Dom was watching. Waiting.

Because Dom was going to pay that debt back one way or another.

But Isaac didn’t need it.

Didn’t want it.

Because nothing had changed.

He was still here. Still operational. Still locked in.

Just another rotation.

Dom didn’t press. He never did.

Instead, he leaned back against the bench, crossing his arms. “You sticking around base after this?”

Isaac rolled his neck, stretching out the last bit of tension. “Nah. I got something to handle in town.”

Dom smirked, the barest flicker of amusement crossing his otherwise impassive face.

Isaac ignored it.

He didn’t need the scrutiny.

“Shaw said they might run us through a long-range course next week,” Dom said, shifting gears.

Isaac nodded. They were overdue for one.

“Fast rope insertions still on the schedule?”

Dom sighed, rubbing a hand over his jaw. “Still waiting on approvals. Might be next month.”

Isaac just hummed, mind already working through logistics.

One day they were in the water. The next, they were running airborne ops, night navigation, urban combat drills.

There was no rhythm to it. No predictability.

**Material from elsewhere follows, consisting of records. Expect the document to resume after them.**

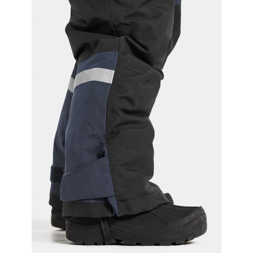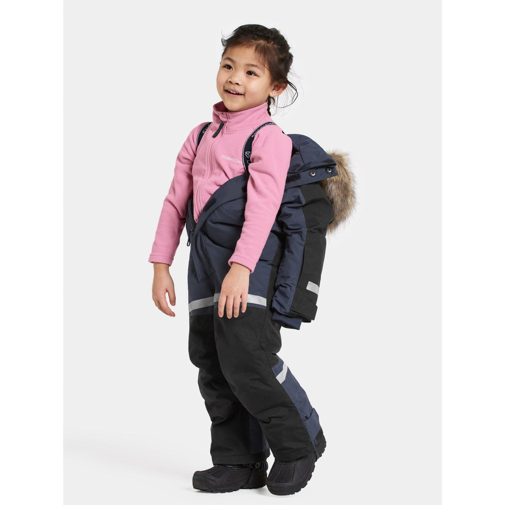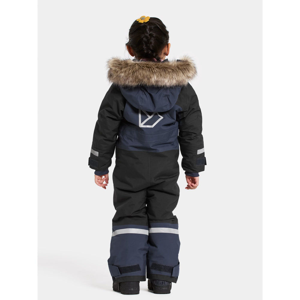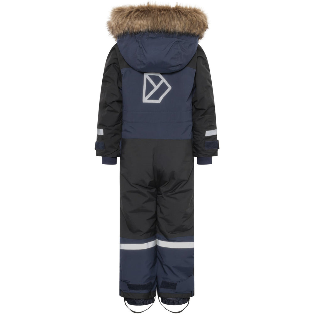 Dress your little adventurer in the Didriksons Navy Bjärven Kids Coverall, expertly crafted for maximum protection and style in snowy conditions. Made with thoughtful fabric mapping for durability and comfort, this coverall features a versatile, detachable hood with synthetic fur and an array of adjustable components for a perfect fit, including the leg ends, waist, and sleeves. The robust navy snowsuit comes adorned with reflective detailing for increased visibility and includes secure pockets for essentials like ski passes. Practical additions such as the glove security loops, thumbholes, and silicone foot straps enhance functionality, while the ergonomic cut ensures free movement. Easy care is ensured with simple washing instructions and an internal name label simplifies ownership. Ideal for endless winter fun, this garment not only keeps children warm and dry but also grows with them, thanks to the extendable size in the legs and sleeves.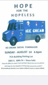 SIOUX FALLS, S.D. (KELO.com) — The SDSU Ice Cream Truck is coming to Sioux Falls on Sunday afternoon. Hope for the Hopeless is holding the ice cream fundraiser from 4-6 p.m., to help orphaned children in Liberia. 100% of the proceeds will be going toward a 40-room dormitory in Liberia that is close to completion. The fundraiser will be held in the FCA parking lot at 1601 E. 69th Street on Sunday, August 14th.
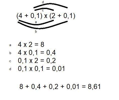 Jag hade tänkt att 4.1 * 2.1 innebär att det ska gångras med 2, men att det ska dit en 4.1 * 0.1 ovanpå också.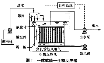 一體式膜—生物反應器處理醫院污水的工程設備的內部構造見圖1,設計處理能力為20m3/d。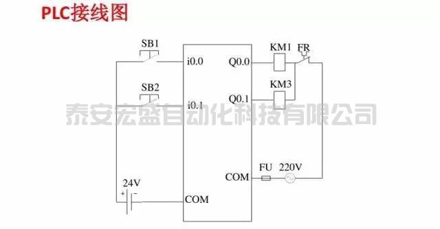 三、電動機的順序啟動、逆序停止(I/O分配表、PLC接線圖、梯形圖程序)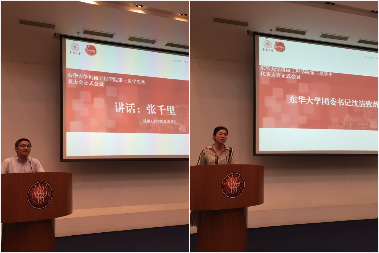 518日,机械学院第三次学生代表大会在松江校区图文信息中心第二报告厅举行。机械学院党委书记张千里、校团委书记沈洁、机械学院副院长唐智、机械学院党委副书记李宁蔚,兄弟学院团委书记代表、以及机械学院专兼职辅导员,机械学院全体学生代表、兄弟学院学生会代表与会。会议听取和审议机械学院学生会工作报告,机械学院研究生会工作报告,听取和审议学代会提案工作报告,选举产生机械学院第三届学生委员会委员和学生会新一届主席团。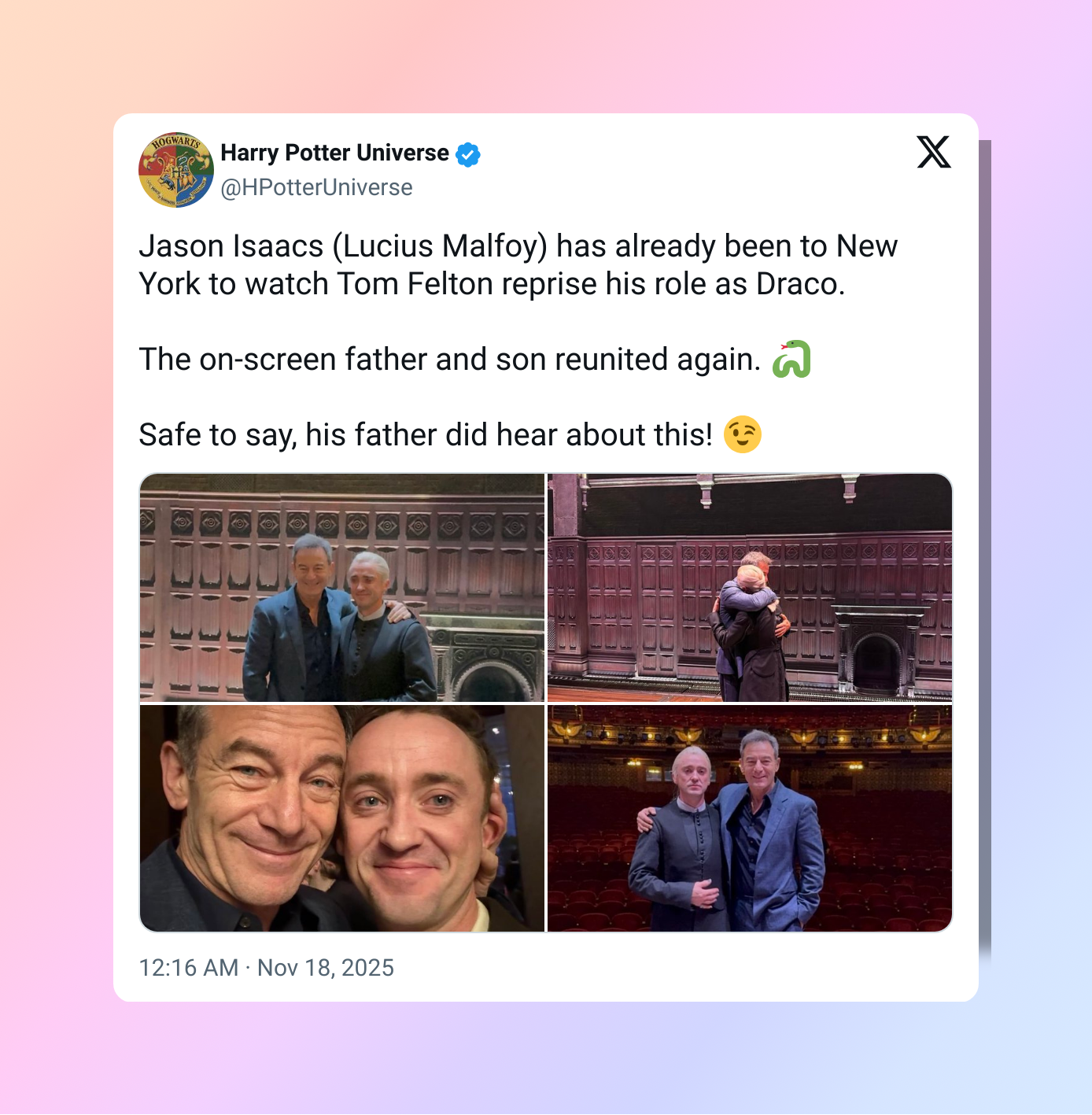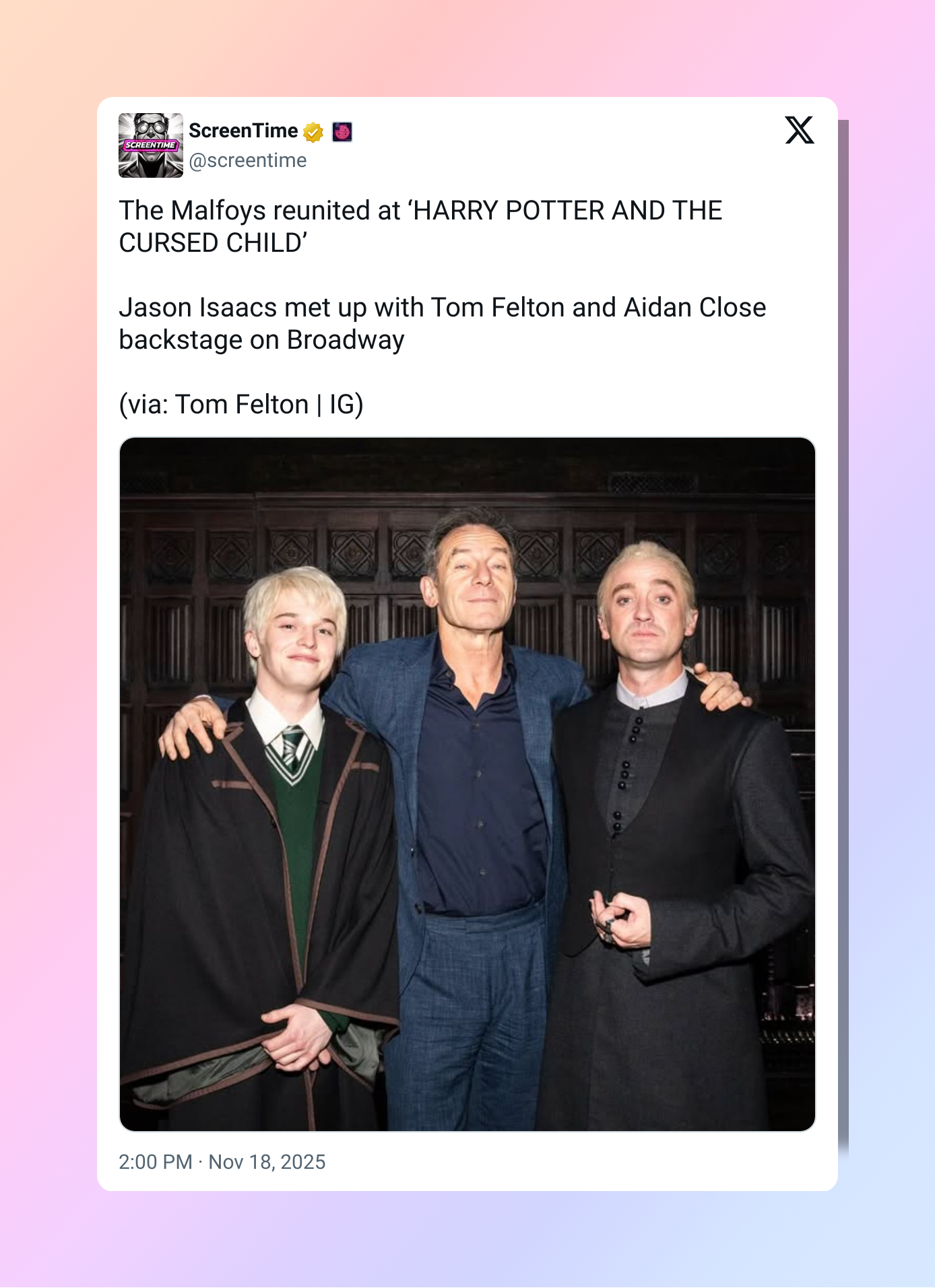 Айзекс поддержал своего экранного сына Фелтона с его дебютом на Бродвее в постановке «Гарри Поттер и Проклятое дитя». Том снова играет Драко, но на этот раз повзрослевшего и тоже ставшего отцом. Своими впечатлениями от увиденного Джейсон Айзекс поделился в соцсети. Он опубликовал снимки вместе с Фелтоном и Эйданом Клоузом, который играет сына Драко, Скорпиуса, в спектакле.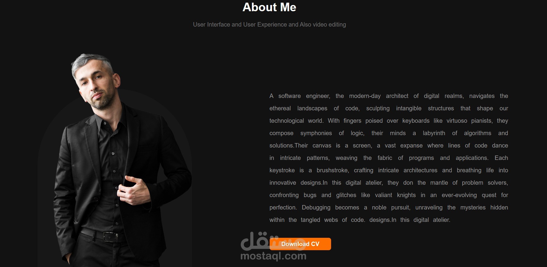 زر "Download CV" (تحميل السيرة الذاتية).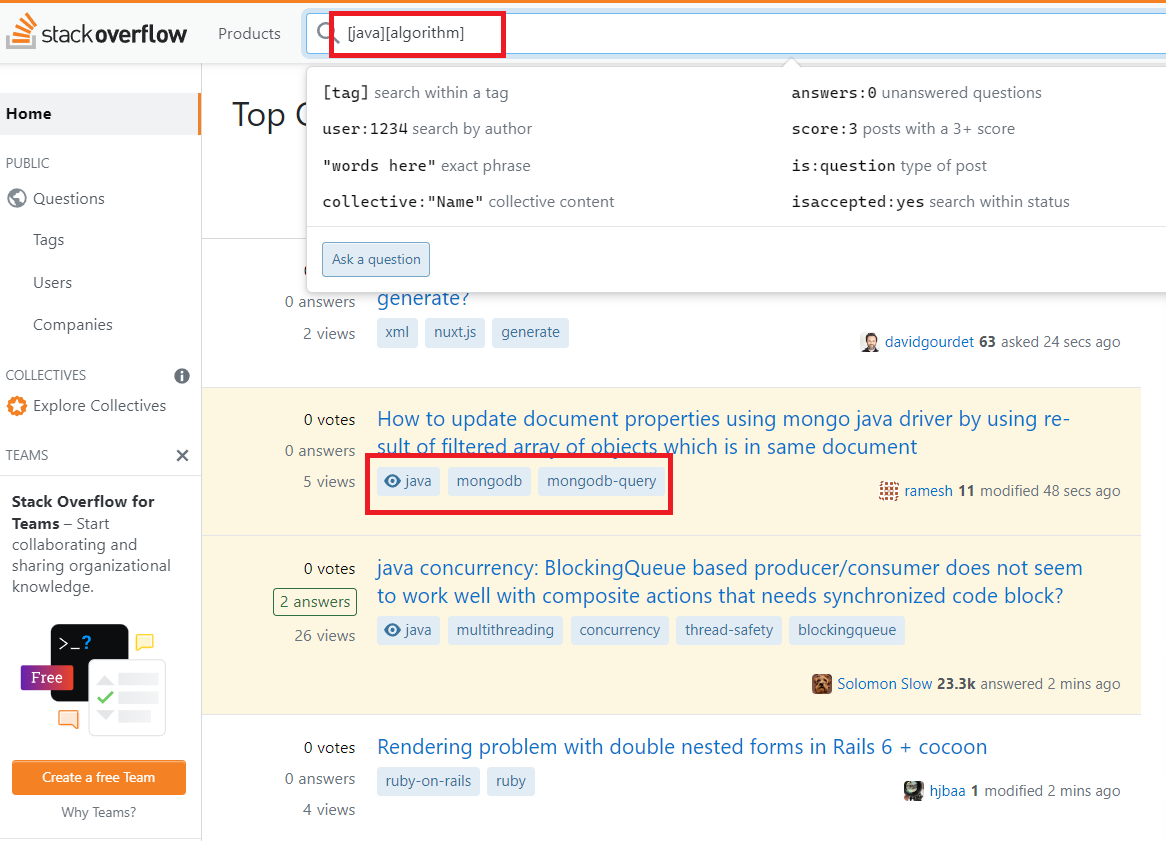 그런데, 사용자가 태그로 질문 검색시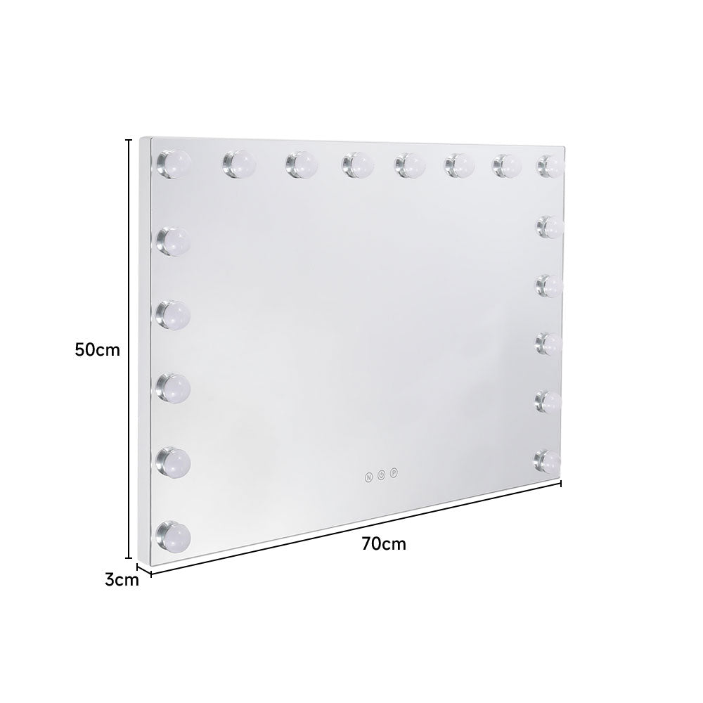 Dimmable LED Rectangle Hollywood Vanity Mirror 18 Bulbs 70 x 50 cm

And that was exactly why most relationships didn’t survive this life.

The job demanded everything.

Women wanted time, consistency.

SEALs had neither to give.

Zach walked over, securing his gear. “You guys hear anything about the next overseas rotation?”

Isaac shook his head. “Shaw’s keeping it close to the vest. He’ll tell us when he knows.”

Dom leaned back, expression unreadable. “It’ll be soon.”

Isaac exhaled, already accepting that reality.

Because it was always soon.

You trained. You deployed. You came back. You trained again.

And for the first time in a long time—

He thought about what he was leaving behind.